Magnetic Resonance Imaging, or MRI scanning, is crucial to diagnosing a plethora of medical conditions; from cancer to neurological disease.
But accurately labelling each image taken during an examination can be time-consuming, having an impact on how quickly medical staff can correctly identify an illness.
Now researchers at King’s College in London have made a breakthrough in automating the process which means up to 100,000 MRI brain examinations can be labelled in a matter of 30 minutes rather than the years it would take to complete manually.
The research team at the university’s School of Biomedical Engineering and Imaging Sciences had to teach machine learning image recognition systems through so-called "deep learning," which involves multiple algorithms processed through several neural networks.
This was done by training the systems to obtain the labels from radiology reports and correctly assign them to their corresponding MRI examinations.
King's College said the study is the first to enable researchers to label complex MRI datasets at scale, details of which were published in European Radiology.
According to the researchers, deep learning typically requires processing tens of thousands of labelled images in order to achieve the best possible image recognition performance.
Large datasets equal bottlenecks
But the process represents a bottleneck in the development of deep learning systems for complex image datasets.
"By overcoming this bottleneck, we have massively facilitated future deep learning image recognition tasks and this will almost certainly accelerate the arrival into the clinic of automated brain MRI readers," Dr Tom Booth, a senior author on the study, said.
"The potential for patient benefit through, ultimately, timely diagnosis, is enormous".
He added that the models were evaluated for using both unseen labels as well as images.
"While this might seem obvious, this has been challenging to do in medical imaging because it requires an enormous team of expert radiologists. Fortunately, our team is a perfect synthesis of clinicians and scientists," Booth said.

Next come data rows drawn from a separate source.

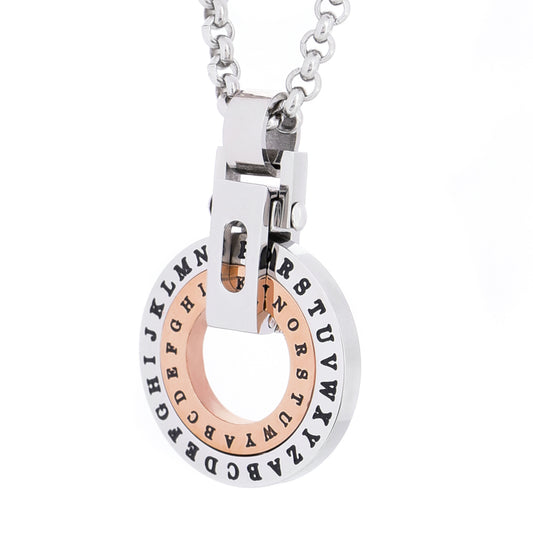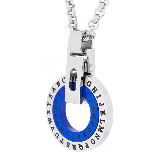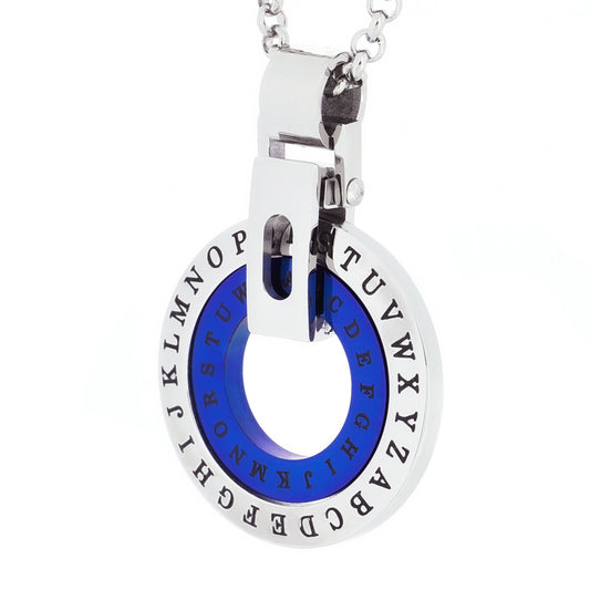 Truelements(トルゥーエレメント) カップル お揃い ネーム イニシャル ペア ネックレス サージカル ステンレス 金属 アレルギー 316l ブルー & ピンク ゴールド サークル ペンダント トップ [ペア] (TEST-0026 #L & #S)
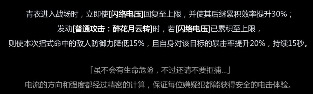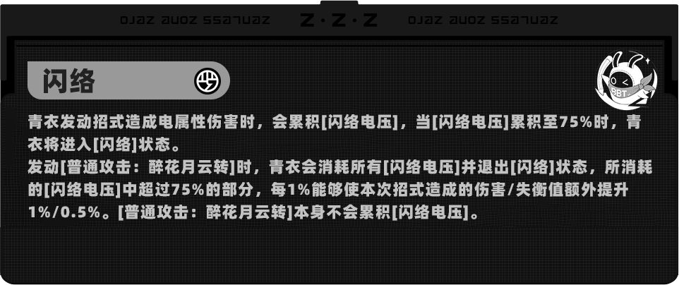 增加青衣入场时的启动速度,并增加「闪络」值的堆叠效率,对游玩手感有较大优化。
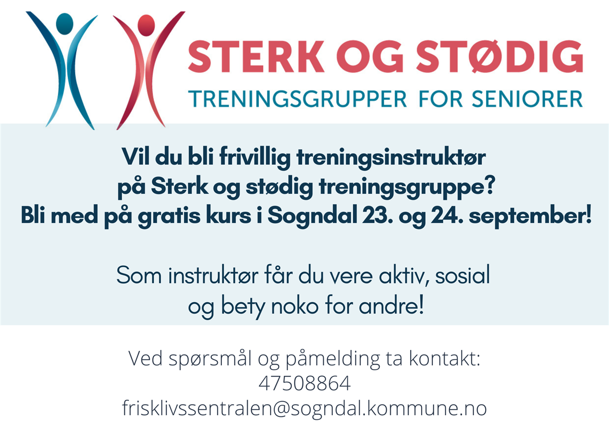 23. og 24. september arrangerast det gratis instruktørkurs i Sogndal, ta kontakt på tlf 47 50 88 64 eller e-post frisklivssentralen@sogndal.kommune.no for å melde deg på eller for å få meir informasjon.
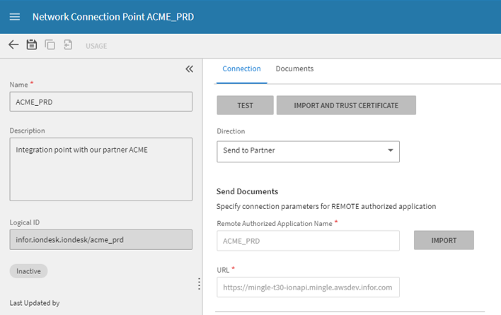 - A network connection point is available to enable integration with an ION installation that is part of Infor OS on-premises.
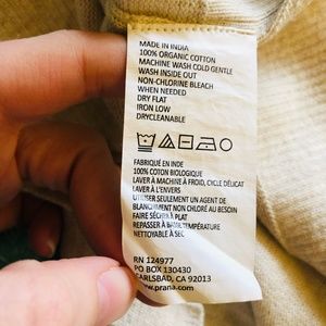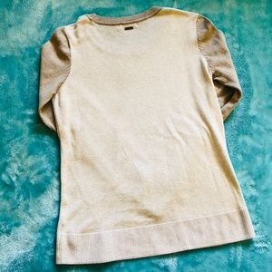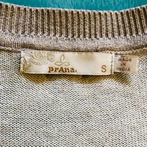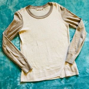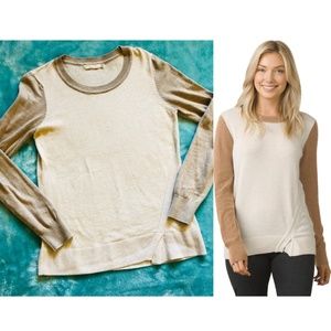 Gorgeous cream knit crew neck sweater with tan sleeves and neckline trim. Diagonal detail on lower front left. Metal prAna brand tag stitched on back neck area.
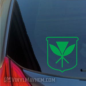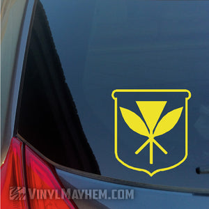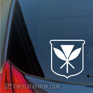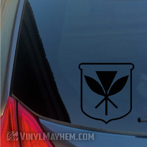 Hawaiian Kanaka Maoli Crest vinyl sticker. Show off your pride for the Hawaiian culture with this beautiful design. It's a unique way to express your personal style. This design was created by one of our in-house graphic designers.
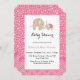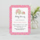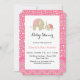 Invitation Fête de bébé éléphant bohémien rose et chevron
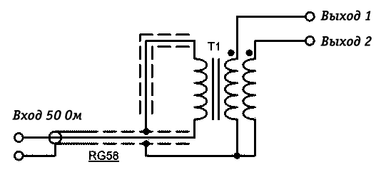 Схема широкополосного трансформатора - http://www.rf.atnn.ru/s10/antennes2-ru.html Немного о конструкции самой антенны. Здесь все зависит от материалов, которые вы можете приобрести. В моем случае я использовал две поливинилхлоридные трубы (PVC) диаметром около 50 мм и длиной, зависящей от места установки (по высоте), но, желательно не менее 1,5 м. Обмоточный провод в эмалевой изоляции (ПЭВ, ПЭЛ и др.) около 42 м. На каждую трубу по длине 1,35 м было намотано по 21 м провода. Плечи антенны расположены вертикально, на расстоянии друг от друга 0,8-1,0 м. Коробка с согласующим устройством закреплена точно по центру между плечами, хотя место ее расположения не регламентируется. Также проводился эксперимент с разнесением плеч антенны на расстояние 3,5 м (насколько позволила длина балкона), но какой-либо разницы в при работе в эфире замечено не было. Настраивается антенна очень просто, достижением минимального КСВ на диапазоне 40 м. Для этого на одном плече (второе не подключено) просто отматывается часть провода. Для моего варианта исполнения и расположения антенны получилось 20,2 м. Затем столько же провода оставляется на втором плече. После подключения второго плеча к согласующему устройству КСВ антенны немного ползет вверх, но зато антенна получается широкополосной и при применении антенного тюнера она хорошо настраивается на три диапазона 40, 30 и 20 м. Антенна в окончательном варианте была установлена вне балкона на кронштейне (см. фото) возле окна, в непосредственной близости от трансивера. В любом случае я хочу заметить, что применение таких компромиссных антенн не может заменить полноценной, полноразмерной антенны. Но для меня, по крайней мере, явилось хорошим выходом из сложившейся ситуации. И еще, пусть никого не смущает немного завышенный КСВ (около 2), с такими значениями КСВ работают и на серьезных, профессиональных антеннах. Из своего опыта работы в эфире на этой антенне могу сказать, что работает она на «хорошо», несмотря на свои размеры. Я не могу сказать, что QSO с DX станциями удаются сразу, приходиться немного попотеть, но я должен сказать что это особенно приятно, когда работаешь с Японией (30 м), Австралией (40 м) или Штатами (20 и 30 м), и рапорт дают не ниже 559!
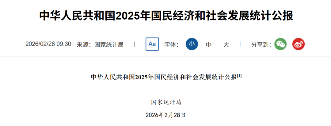 没错,就是这份2 025年国民经济和社会发展统计公报。

Dr David Wood, the study’s lead author, said the research builds on recent breakthroughs in natural language processing, which had used huge collections of unlabeled text including all of the English language Wikipedia and (open-access research repository) PubMed Central abstracts and full-text articles.
"In the spirit of open-access science, we have also made our code and models available to other researchers to ensure that as many people benefit from this work as possible," he added.